::: DATA TO USE :::
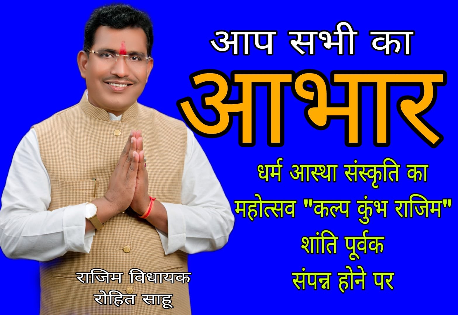 kalchakranews24 कुंभकल्प मेला शांतिपूर्वक संपन्न, विधायक रोहित साहू ने जताया आभार
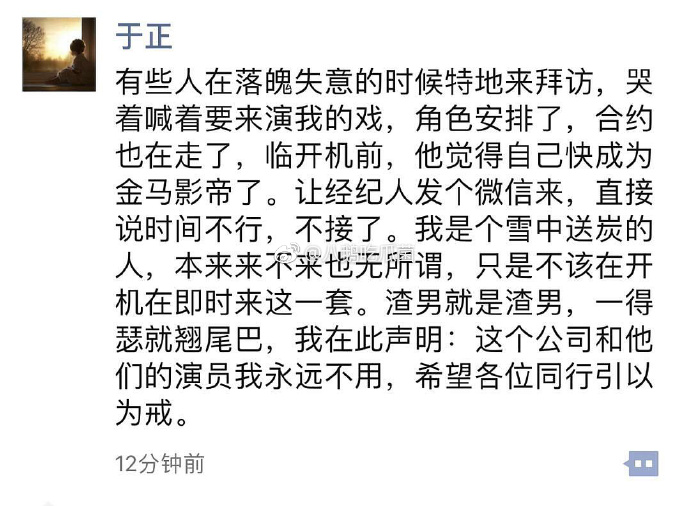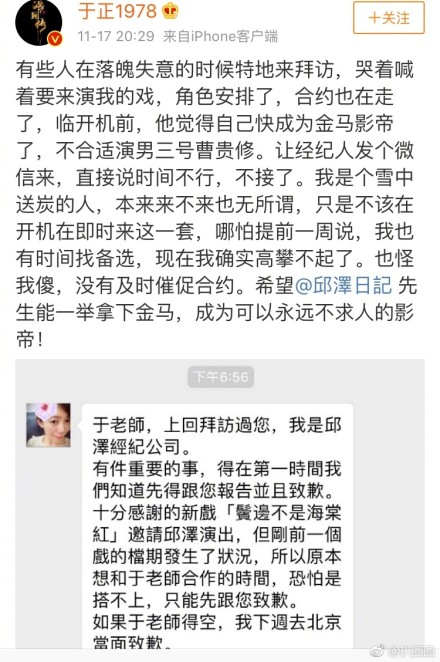 Tôi là người đưa than sưởi ấm trong ngày tuyết rơi, vốn dĩ đến hay không quan trọng, nhưng cũng đừng để đến sát ngày khai máy mới nói. Nói trước một tuần tôi mới có thời gian chuẩn bị tìm người thế. Bây giờ tôi thật sự trèo cao quá rồi. Cũng trách tại tôi ngốc, không nhanh chóng ký hợp đồng. Hy vọng @Khưu Trạch tiên sinh có thể giành được Kim Mã, trở thành một Ảnh đế mãi mãi không cần cầu xin người khác!”.
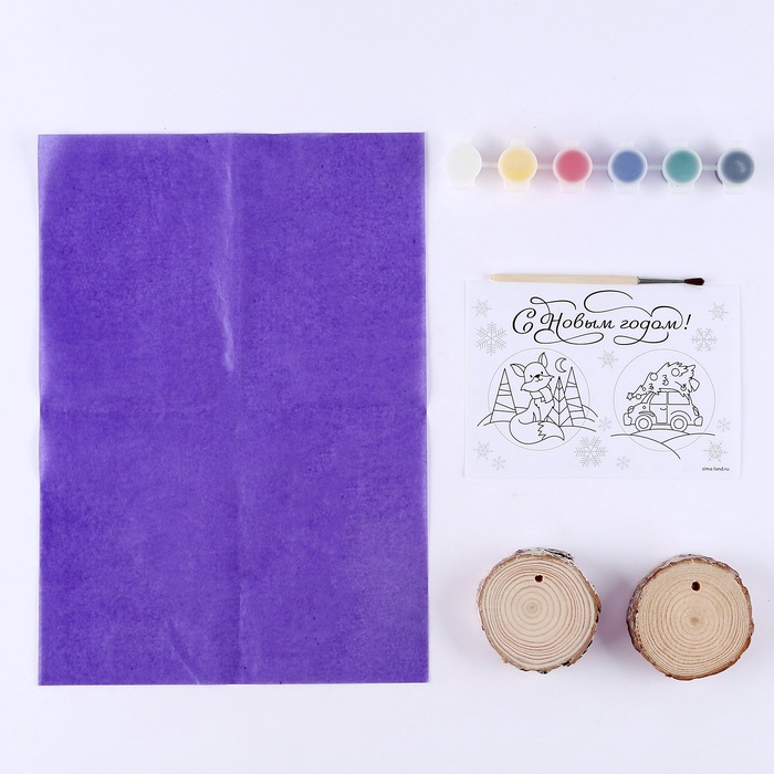 - В комплект входят деревянные заготовки, краски и кисточка.
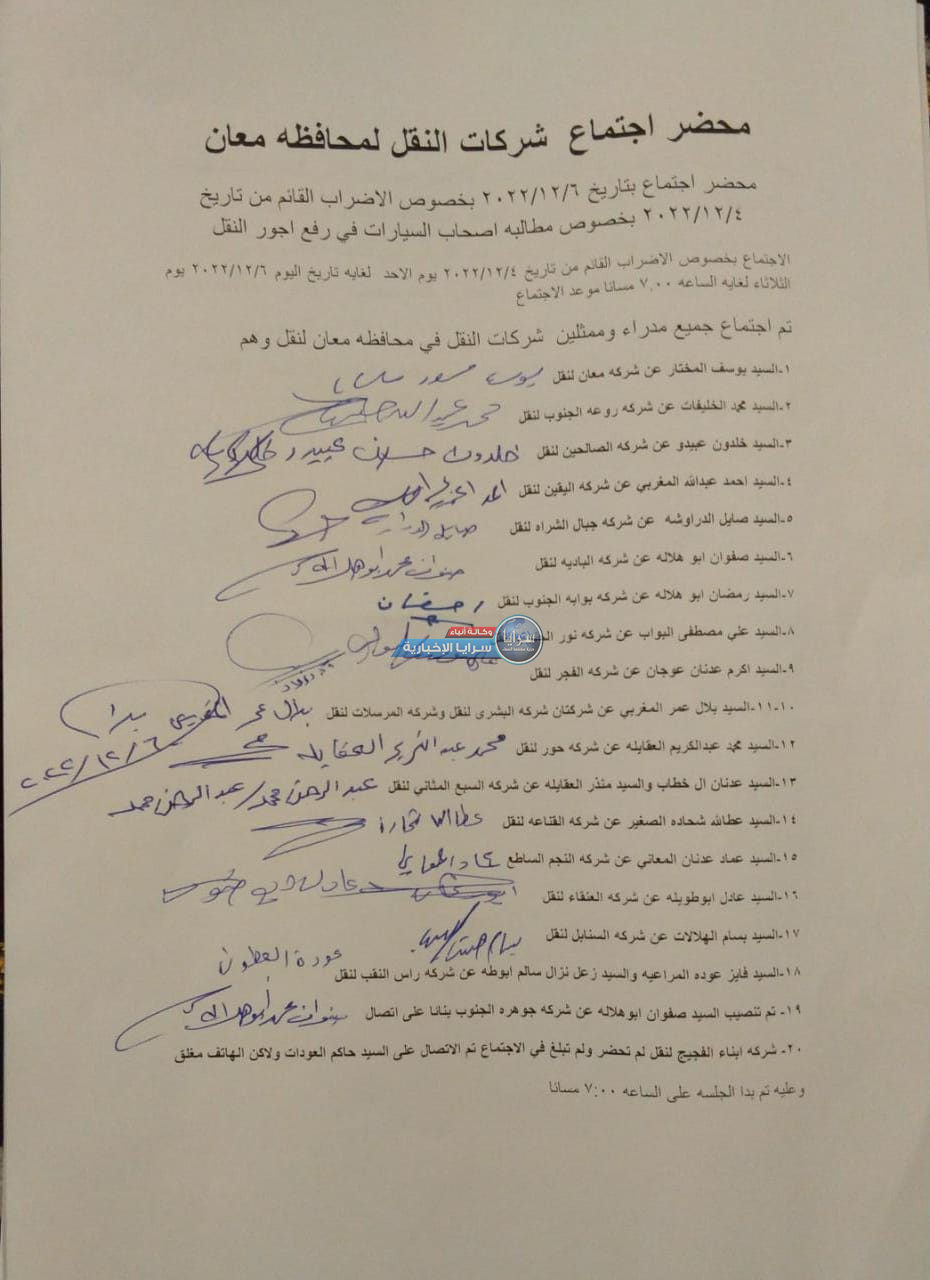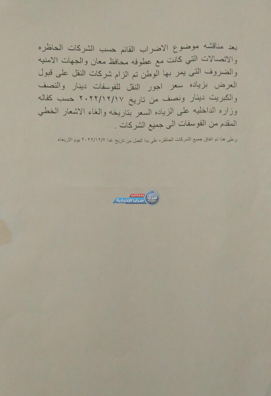 سرايا - حصلت سرايا على وثيقة اقرت بحضور محافظ معان والجهات الامنية من قبل شركات النقل العاملة في المحافظة على الغاء الاضراب واستئناف العمل كالمعتاد وقبول العرض بزيادة سعر اجور النقل للفوسفات دينار ونصف والكبريت دينار ونصف من تاريخ 17-12-2022 حسب كفالة وزارة الداخلية على الزيادة السعر بتاريخه والغاء الاشعار الخطي المقدم من الفوسفات الى جميع الشركات .
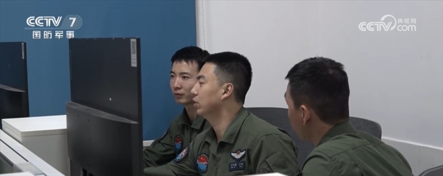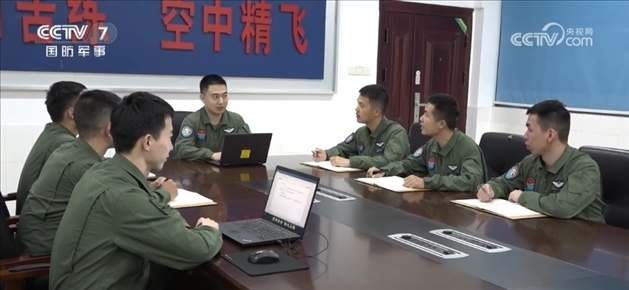 某軍用機場,王文毅和戰(zhàn)友剛剛結束飛行訓練,就一頭扎進飛行講評室對這次的訓練數據進行分析梳理。
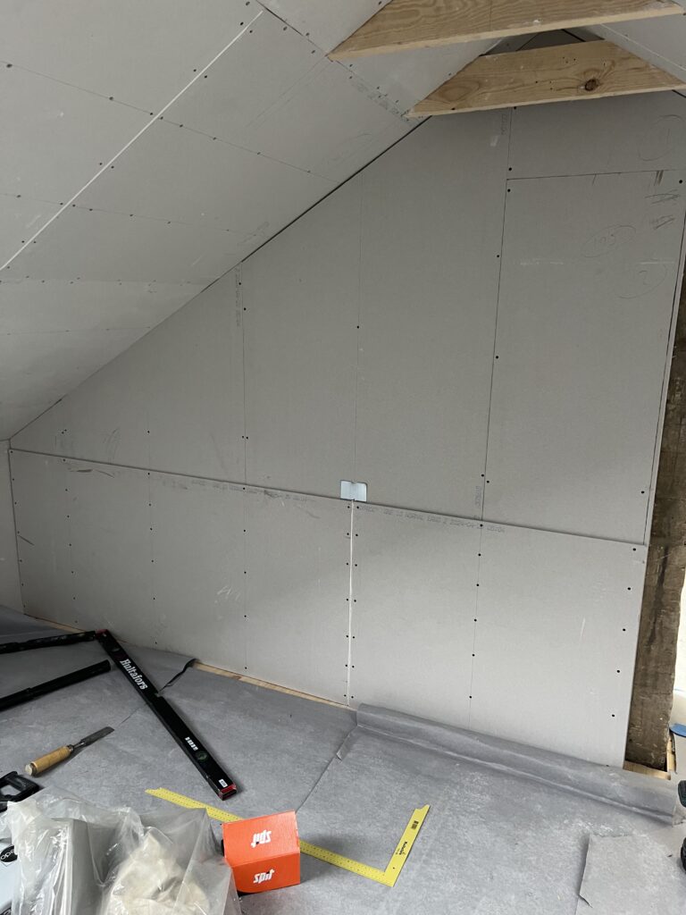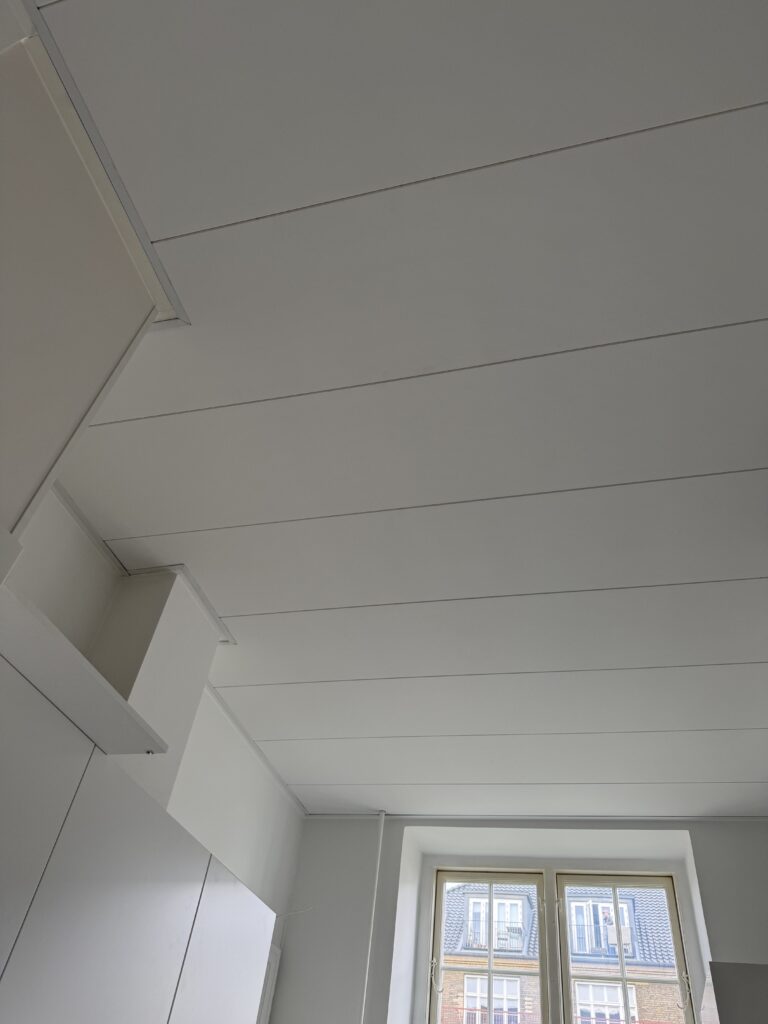 Et flot og plant loft giver rummet et lyst og harmonisk udtryk. Vi monterer gipsvægge og lofter i høj kvalitet – både til nybyg, renovering og mindre reparationer.
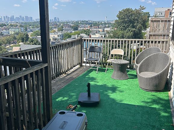 Recently, renovated, new flooring, 3nd Floor, 10 x 40 deck off the back, on street parking, quiet neighborhood, walk to T, close to stores and shopping. Great views of Boston and the ocean Owner pays water tenant responsible for gas for heating and electric bill, refreshments last months, 500 security deposit due at signing, one year lease
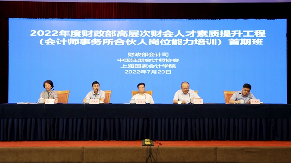 7月20日上午,财政部高层次财会人才素质提升工程(会计师事务所合伙人岗位能力培训)首期管理合伙人培训班在江苏镇江开班。中国注册会计师协会党委书记、秘书长舒惠好,江苏省财政厅一级巡视员李载林,财政部会计司副司长王东,上海国家会计学院副院长白晓红出席并讲话,中国注册会计师协会党委委员、副秘书长万文翔主持开班式。77家会计师事务所111名管理合伙人参加开班式。
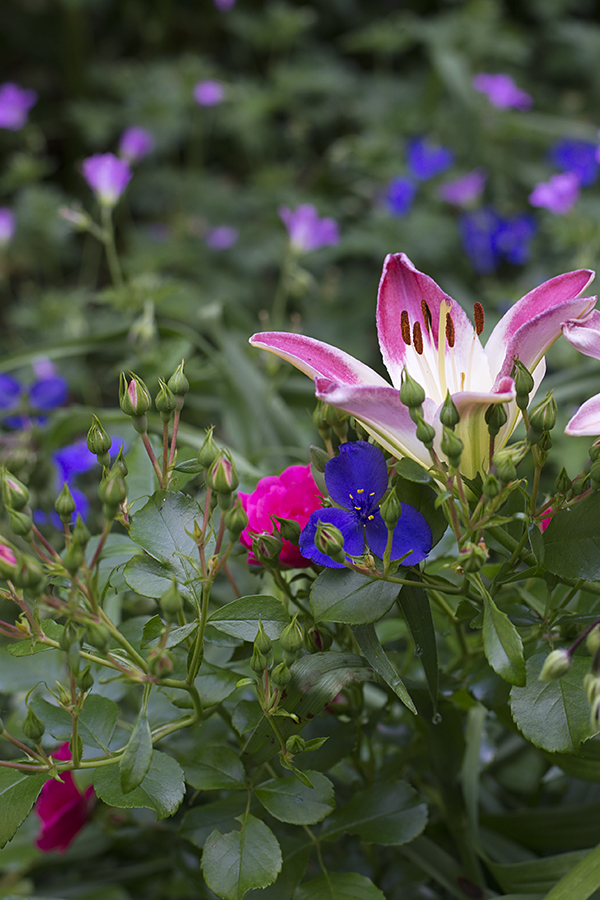 lilyrose Published June 15, 2016 at 600 × 900 in Wine and Roses Asiatic lily ‘Lollipop’ with roses and Tradescantia ohioensis
:::
## ASSIGNMENT
Each record should be given again exactly, with no picture carried over.

## WRITTEN SOLUTION
 kalchakranews24 कुंभकल्प मेला शांतिपूर्वक संपन्न, विधायक रोहित साहू ने जताया आभार
 Tôi là người đưa than sưởi ấm trong ngày tuyết rơi, vốn dĩ đến hay không quan trọng, nhưng cũng đừng để đến sát ngày khai máy mới nói. Nói trước một tuần tôi mới có thời gian chuẩn bị tìm người thế. Bây giờ tôi thật sự trèo cao quá rồi. Cũng trách tại tôi ngốc, không nhanh chóng ký hợp đồng. Hy vọng @Khưu Trạch tiên sinh có thể giành được Kim Mã, trở thành một Ảnh đế mãi mãi không cần cầu xin người khác!”.
 - В комплект входят деревянные заготовки, краски и кисточка.
 سرايا - حصلت سرايا على وثيقة اقرت بحضور محافظ معان والجهات الامنية من قبل شركات النقل العاملة في المحافظة على الغاء الاضراب واستئناف العمل كالمعتاد وقبول العرض بزيادة سعر اجور النقل للفوسفات دينار ونصف والكبريت دينار ونصف من تاريخ 17-12-2022 حسب كفالة وزارة الداخلية على الزيادة السعر بتاريخه والغاء الاشعار الخطي المقدم من الفوسفات الى جميع الشركات .
 某軍用機場,王文毅和戰(zhàn)友剛剛結束飛行訓練,就一頭扎進飛行講評室對這次的訓練數據進行分析梳理。
 Et flot og plant loft giver rummet et lyst og harmonisk udtryk. Vi monterer gipsvægge og lofter i høj kvalitet – både til nybyg, renovering og mindre reparationer.
 Recently, renovated, new flooring, 3nd Floor, 10 x 40 deck off the back, on street parking, quiet neighborhood, walk to T, close to stores and shopping. Great views of Boston and the ocean Owner pays water tenant responsible for gas for heating and electric bill, refreshments last months, 500 security deposit due at signing, one year lease
 7月20日上午,财政部高层次财会人才素质提升工程(会计师事务所合伙人岗位能力培训)首期管理合伙人培训班在江苏镇江开班。中国注册会计师协会党委书记、秘书长舒惠好,江苏省财政厅一级巡视员李载林,财政部会计司副司长王东,上海国家会计学院副院长白晓红出席并讲话,中国注册会计师协会党委委员、副秘书长万文翔主持开班式。77家会计师事务所111名管理合伙人参加开班式。
 lilyrose Published June 15, 2016 at 600 × 900 in Wine and Roses Asiatic lily ‘Lollipop’ with roses and Tradescantia ohioensis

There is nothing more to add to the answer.